- Directed by: Myron J. Gold
- Written by: Myron J. Gold
- Produced by: Myron J. Gold
- Starring: Donald Pleasence Yvonne Furneaux June Wilkinson Aldo Ray
- Cinematography: Miguel Garzón
- Music by: Ronald Stein
- Production companies: Tillie Productions S.A. Filmier
- Release date: 1984;
- Running time: 100 minutes
- Countries: United States; Mexico; UK;
- Language: English

= Frankenstein's Great Aunt Tillie =

Frankenstein's Great Aunt Tillie is a 1984 comedy film about Frankenstein that is set in Transylvania.
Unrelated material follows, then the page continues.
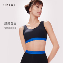 Ubras字母宽织带背心文胸瑜伽健身运动文胸舒适透气无钢圈内衣女 黑色+蓝底织带 M

June Wilkinson, who had a part in the film, was interviewed in the book Screen Sirens Scream! about her role. The film's music was written about in the book Musique fantastique.

==Plot==
Castle Frankenstein has been empty for years and the local council is planning to repossess it, when the Frankenstein family return, seeking to find hidden treasure, and to re-animate the Frankenstein monster.

==Cast==
- Victor Frankenstein / Old Baron Frankenstein - Donald Pleasence
- Matilda 'Tillie' Frankenstein - Yvonne Furneaux
- Randy - June Wilkinson
- The Monster - Miguel Angel Fuentes
- Bürgermeister - Aldo Ray
- Clara - Zsa Zsa Gabor
- Grocer Schnitt - Rod Colbin
- Police Superintendent Schwerbaum - Chandler Garrison
- Banker Schlockmocker - Phil Leeds
- Lawyer Schnabel - Garnett Smith
- Judge Edelweiss - Ken Smith
- Secretary Gudrun Geduldig - Karen Haber
- Feldwebel Erstarren - Edgar Vivar
- Big Black Bill (as Borolas) - Joaquín García Vargas

==Critical reception==
The Bloody Pit of Horror wrote, "I literally cringe at the thought of ever stumbling across something as bad as this in the future. To make it worse, the damn thing goes on forever."